§ **DATASET ENTRIES**:
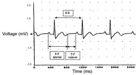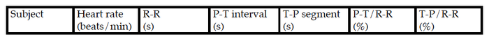 Draft a data table in your lab notebook in which you will record heart rate (beats/min), R-R (s), P-T interval (s), and T-P segment (s) for each individual tested, both at rest and immediately after exercise. You can also use this table to calculate the % of each total R-R represented by each subunit.
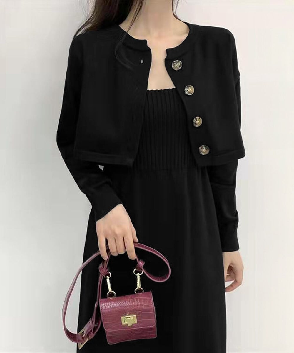 ショート丈カーディガンとリブニットワンピースの2点セットで、着回し力抜群。
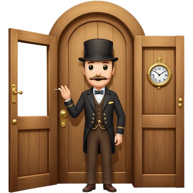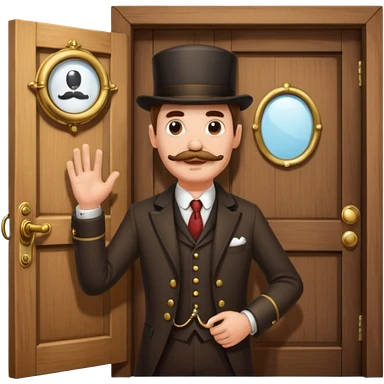 emoji of a gentleman with moustache and monocle standing nearby door welcoming you emoji
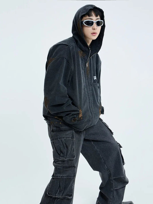 【23s September.】Vintage Distressed Hooded Denim Jacket
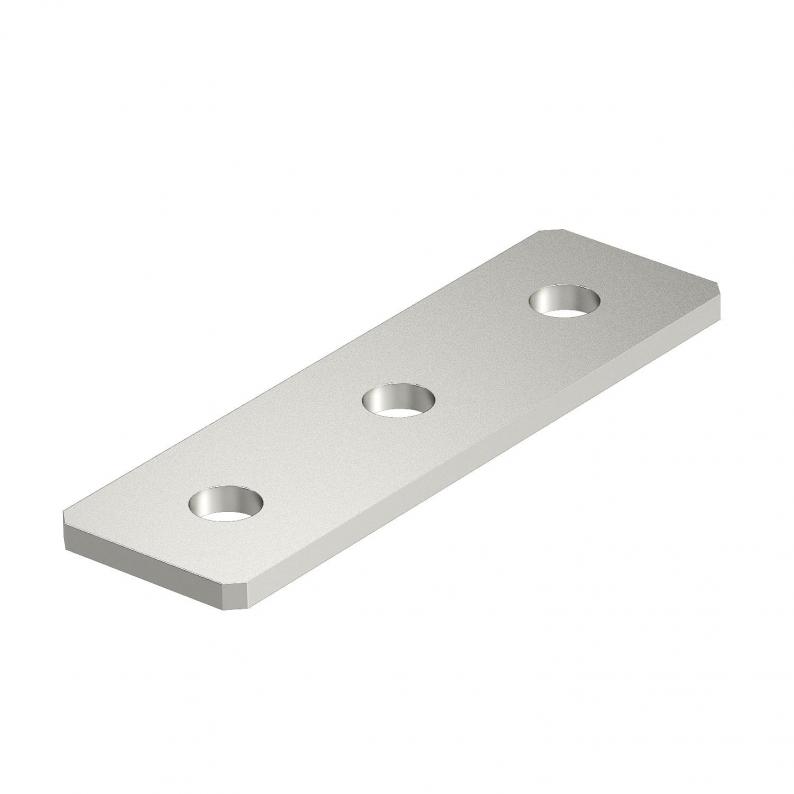 Connection plate with three holes for straight connection of profile rails 41 x 41 mm and 41 x 21 mm.

§ **EXERCISE DESCRIPTION**:
Return all of the material exactly, without pictures.

§ **ANSWER BELOW**:
 Draft a data table in your lab notebook in which you will record heart rate (beats/min), R-R (s), P-T interval (s), and T-P segment (s) for each individual tested, both at rest and immediately after exercise. You can also use this table to calculate the % of each total R-R represented by each subunit.
 ショート丈カーディガンとリブニットワンピースの2点セットで、着回し力抜群。
 emoji of a gentleman with moustache and monocle standing nearby door welcoming you emoji
 【23s September.】Vintage Distressed Hooded Denim Jacket
 Connection plate with three holes for straight connection of profile rails 41 x 41 mm and 41 x 21 mm.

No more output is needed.